Write-up still on its way. I promise.
Meanwhile, a question was raised last week on the Deseret Alphabet discussion group by one Bob Moultrie, who asked, “But that makes me wonder if learning to read and write would be much easier if we used Deseret. I know that this is the reason Brigham Young wanted to develop the Deseret Alphabet, but do you guys think the Deseret Alphabet could really deliver on this goal?”
Well, I could hardly resist a challenge like this and so pontificated on the various shortcomings I think the DA had in practice that would keep it from succeeding in that mission. Among them was the usual spiel about ascenders and descenders.
I was taken to task for that by none other than Joshua Erickson, who has designed some very nice Deseret Alphabet typefaces. He chided me (and rightly so) for being behind the times on the subject and provided a number of helpful links indicating that we do not, in fact, recognize words by their overall shape, but that we do process the individual letters. Interestingly enough, we process a number of letters all at once rather than each by itself.
I don’t think that changes the essential point of the argument, that the lack of ascenders and descenders adds to the difficulty of reading the DA. As Ken Beesley pointed out, one of the things we use to recognize the shape of the individual letters is, in fact, whether or not they have ascenders or descenders, and that lack does hinder our processing.
It, does, however explain very nicely some other things. For example, I have a much harder time reading Shavian than the Deseret Alphabet, despite the fact that the formal is systematic, very elegant, and has ascenders and descenders all over the place. The fact is, however, that many of the letters in the Deseret Alphabet either are the same as letters in the Latin alphabet or very like various Latin letters. That is, the shapes of the letters of the Deseret Alphabet are already half-familiar if not completely familiar, so the process of recognizing them as individuals can take advantage of skills we already have. In the case of Shavian, however, not only are the letters almost entirely different from their Latin “counterparts,” but they are designed along entirely different lines, so the process of distinguishing them involves different, well, algorithms, if you will. Instead of being able to leverage the techniques we've already learned to distinguish letters, we have to learn new ones.
The other thing that it explains is how people read various scripts which inherently lack ascenders and descenders. Modern Hebrew is pretty much in this boat, although some letters do have descenders when written in final positions, but the examples I have in mind are naturally East Asian ones. Every character in Chinese, Japanese, Korean, or Yi (among others) is written in a square, and most characters pretty much extend to all four sides of the square. So how do East Asians read?
Well, it would be pretty much the same thing, although applied to parts of individual sinograms rather than individual letters. The issue in this case becomes one of what one learns to look for in order to distinguish the symbols, not the essential process of reading. As is the case with an alphabet, the phonetic content of the characters (vague though it generally is) is an aid to learning, and not an aid to reading. (Unfortunately for me, there are several sets of characters involving the same phonetic element which still confuse me because they just look too similar to one another in my eyes.)

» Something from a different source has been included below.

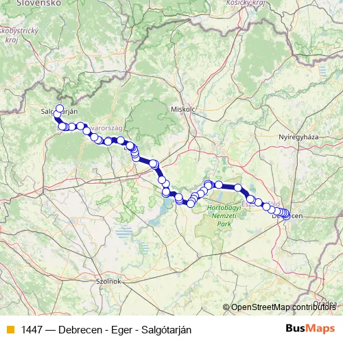 The first stop of the 1447 bus route is Debrecen, autóbusz-állomás and the last stop is Salgótarján, autóbusz-állomás. 1447 (Debrecen - Eger - Salgótarján) is operational during everyday.

When learning to read a language written with a modern Latin script, we learn that we have to distinguish letters as wholes and that one of the things that's useful in doing that is their presence (or lack) of ascenders and descenders. When learning to read sinograms, you learn to look at parts of individual characters and how to tell, for example, the water moon radical from the almost identical meat radical. (Answer: the meat radical tends to be slightly wider.) Presumably, when learning to read the Deseret Alphabet, particularly as a child, one would learn to look for the little curlicue inside some of the letters, the very curlicues which trip up us Latin-readers because they distinguish letters without changing their shape, and it’s largely shape changes we’re looking for.
Interestingly enough, this helps justify the non-phonetic aspects of various scripts. In the case of Chinese, the fact that there are multiple phonetics for the same sound makes it easier to distinguish homophones. All the various forms of Chinese have lots of homophones. One reason why the language developed tones was, apparently, to help distinguish homophones, and one reason why the Chinese haven’t abandoned their writing system is that there are a lot of words that really do sound exactly alike and can’t necessarily be distinguished simply by their pronunciation. For extended texts, context is usually enough to tell them apart, of course, otherwise speech would be pretty much impossible—but this is not necessarily true for shorter texts.
For the record, I’ve also seen people who justify some of the weirder aspects of English spelling because it means we can distinguish homophones like "two," "too," and "to," as if context weren’t enough to do that.
I’m not convinced that this is a significant advantage, but it would be unfair to deny that it does exist.
Meanwhile, I get to kick myself not only for being condescending to Joshua, but for actually praising his fonts in the third person without even noticing that I was talking to the man himself.
Subscribe to:
Post Comments (Atom)
I've always found reading Cyrillic to be like reading Latin in small caps. It's a little tiresome. Interestingly, Cyrillic handwriting, and some font preferences in the Balkans, do make a bit more use ascenders and descenders than does standard Cyrillic.